En la película de Howard, Melville (Ben Whishaw) visita a un viejo y atormentado Nickerson (Brendan Gleeson), quien le relatará los embates de una terrible tormenta y la ofensiva bestial del gigantesco cetáceo que condenaría casi todas las vidas de la embarcación Essex, no sin antes bajarles los humos a sus tripulantes. Nickerson escribiría La pérdida del barco «Essex» hundido por una ballena y la trágica experiencia de la tripulación sobre botes balleneros. Es otra narración. Encontrada en 1960, no se publicaría hasta 1984. La obra cinematográfica respalda más el escrito del aprendiz que el del primer oficial.

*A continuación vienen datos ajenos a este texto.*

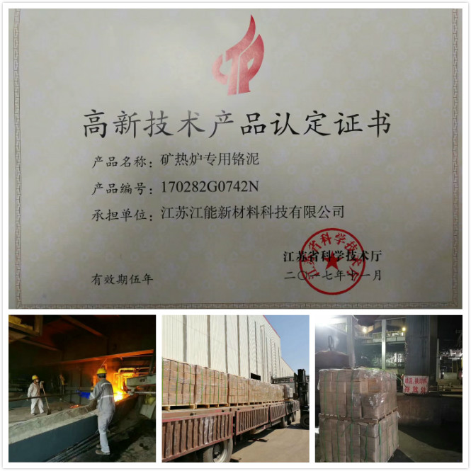 江能礦熱爐專用鉻泥自2015年研發(fā)成功并投放市場,經(jīng)過國內(nèi)多家大型鐵合金冶煉企業(yè)使用,在改善出鐵口燒結(jié)性能和抗沖刷能力、保證鐵口深度、開口堵口容易、環(huán)保無煙氣、降低勞動(dòng)強(qiáng)度等諸多方面性能顯著,獲得了廣泛認(rèn)可。

Mas, es sabido que el manuscrito prestado en alta mar por el hijo de Owen a Melville, cuando este último era todavía marinero en el Acushnet, le sirvió de informe directo sobre lo ocurrido.
Al leer el documento, Melville decidió, por ética, soslayar los actos de canibalismo explícitos, tal como eran descritos cada vez que moría algún náufrago. Configuró —desde un enfoque realista— una ficción de fuerte carga simbólica en la que las referencias literarias y las de la propia actividad de los balleneros, sus conocimientos de cetología y la vida marinera en general están estrechamente vinculadas.
Moby Dick o, La ballena[3], nos embarca hacia una vecindad tensa entre el hombre y la naturaleza, entre lo conocido y misterioso, entre la intranquilidad y concentración, el control y la violencia. Es una descomunal alegoría de contrastes existencialistas y metafísicos. En el corazón… asistimos a la trama de una de las peores supervivencias: la de la incomunicación marina y la inclemencia meteorológica, la del hambre y la carencia de agua…; una supervivencia solo comparable a la que puede experimentar alguien en el desierto. ¿No es acaso el desierto un análogo de la monstruosidad oceánica?
La narración alterna entre Nickerson ya viejo (Gleeson) y el de antes, joven (Tom Holland), el capitán George Pollard (Benjamin Walker) y el oficial Owen Chase (Chris Hemsworth). Los guionistas tienen el tino de no regodearse demasiado en la presencia y la satisfacción de Mocha Dick, el de Orca, la ballena asesina (Michael Anderson, 1977). Ella irrumpe cuando tiene que hacerlo. En el corazón… es el relato de un grupo de supervivientes, no del enfrentamiento con una ballena.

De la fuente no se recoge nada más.